Reykjavik (AFP) – Team jerseys are almost sold out, there is barely a seat left on a plane to Paris and the country’s one fan zone has tripled in size — Iceland is feverishly preparing for its surprise Euro 2016 quarter-final against France on Sunday.

One sentence has been on everyone’s lips in Reykjavik in recent days — “Once in a lifetime”.

Iceland, with a population of 330,000, celebrated just qualifying for a European Championships for the first time, but very few people here thought the team would knock out England and reach the last eight of the tournament.

And they are enjoying every second of it.

In the Joi Utherji sports shop in the capital, the owner Valdimar Magnusson was anxiously waiting for a delivery of team shirts after almost all his stock was snapped up in Euro fever — and he was worried they will not arrive until after Sunday’s match.

“A shipment expected today somehow didn’t come. It’s stuck somewhere in Germany, I think. So no more shirts until Monday,” he told AFP.

“We have already sold a few thousand shirts. And lots of hats, and scarves, and everything related to the national team.”

Italian brand Errea, which makes the shirts, said it was doing its best — but its exports chief Fabrizio Taddei admitted he could never have imagined demand would be so great when the tournament kicked off.

“We’re talking thousands and thousands of shirts that have been sold. And we’re working night and day to supply Iceland,” Taddei told AFP. 

A new Viking invasion of Europe was taking place on Saturday — but this time by plane rather than sea.

However, finding a flight to France from the North Atlantic island in time for Sunday’s game was proving complicated.

Many fans were landing in other countries and will continue their journeys by train or car.

Ludvik Kristinnsson was making the journey with three friends by travelling to Brussels and then on to France.
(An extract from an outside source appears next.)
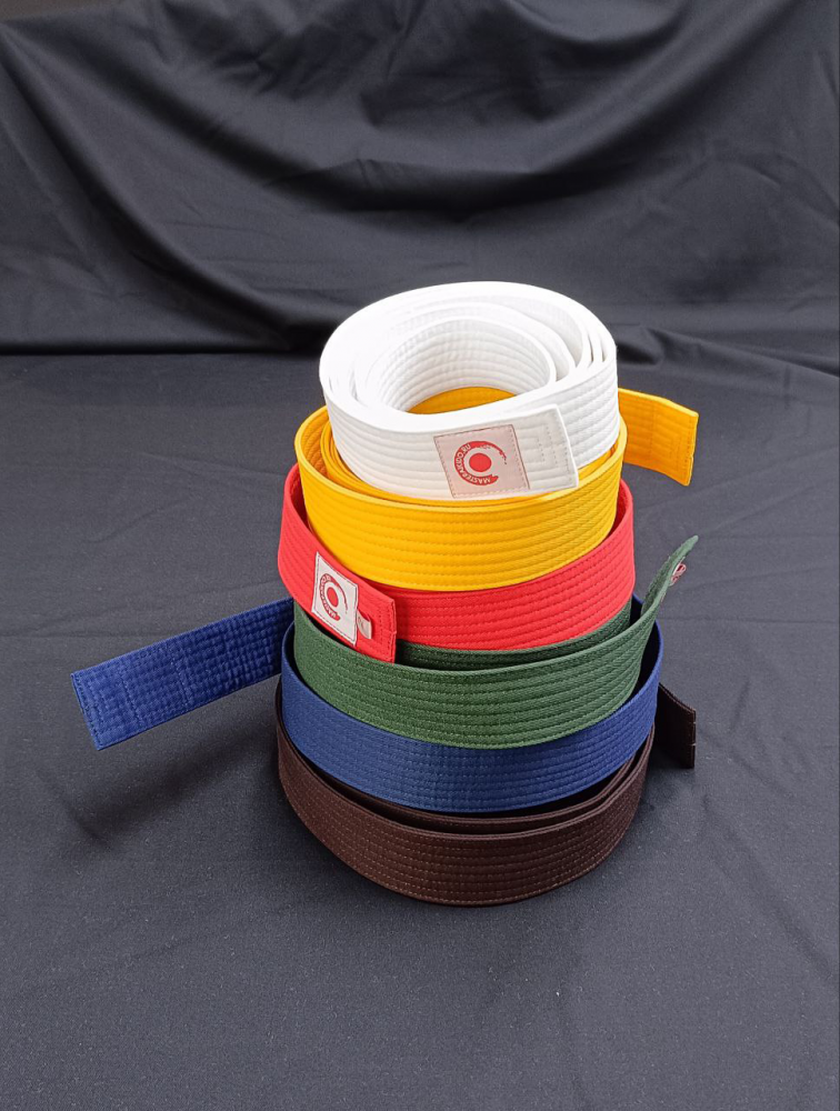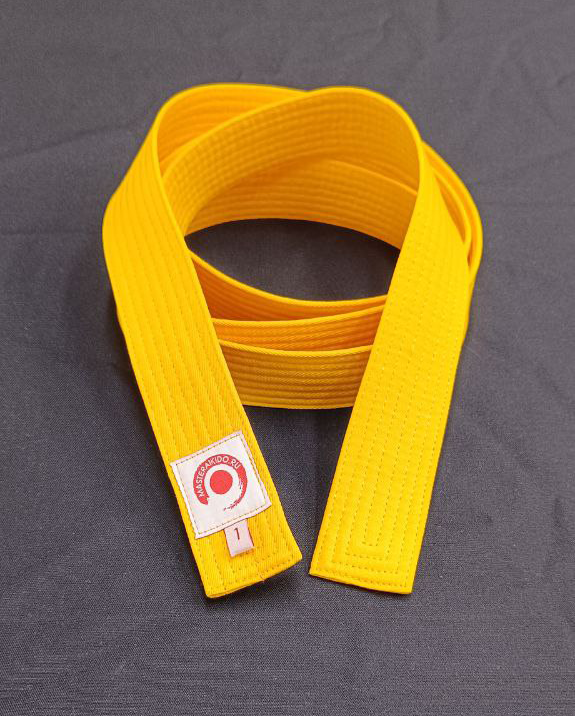 Стандартный жёлтый пояс для будо. Эта модель сделана из высококачественного фелта и сверху обшита тканью из хлопка. Пояс шириной 4,2 см прошит 8 линиями строчек для большей прочности. Пояс легко затягивается и хорошо держит узел во время тренировок.

Sadly he will not have an Iceland jersey to wear.

“It happens. That’s it and I’m trying to just call my friends to see if they have some extra,” he said.

On Saturday, Rutur Snorrason was at Reykjavik’s international airport Keflavik waiting for his flight — and he had managed to borrow a shirt.

“It’s going to be the toughest game ever for the Icelandic team. But we have shown we can do anything.

“I had to borrow my shirt, because everything was sold out,” he said.

– ‘Why sit with the VIPs?’ –

President Gudni Johannesson, a 48-year-old history professor who was elected on June 25 in the midst of Iceland’s giant-killing run, also intends to be at the Stade de France.

He told CNN he would be eschewing the offer of a seat with the VIPs.

“I will be in the stands with the fans and I will wear my Iceland shirt,” he told CNN. “Why would I go in the VIP room and sip champagne when I can do that anywhere in the world?”

Gunnar Lar Gunnarsson, who works for the company which supplies the giant screen for the Reykjavik fan zone, said the area would be extended again for Sunday’s match to allow up to 30,000 people, or one tenth of the population, to watch.

“I hope for 30,000 people! But I would think we will have somewhere between 20,000 and 30,000,” he said.

When expectations were low and the group matches were taking place, a small area was created with space for several thousand people.

As the team qualified from its group, it was not just the coaches and the players that had to think bigger — so did the fan zone’s organisers.

For the quarter-final with England — a 2-1 victory that will go down in giantkilling history regardless of what happens on Sunday  — an area for 10,000 people was built in Arnarholl Park.

It has the added advantage of being on a slope and having a view of the sea.

“I’ve met people that had never watched football. They don’t like football, but everyone is a football fan in Iceland today,” Gunnarsson said.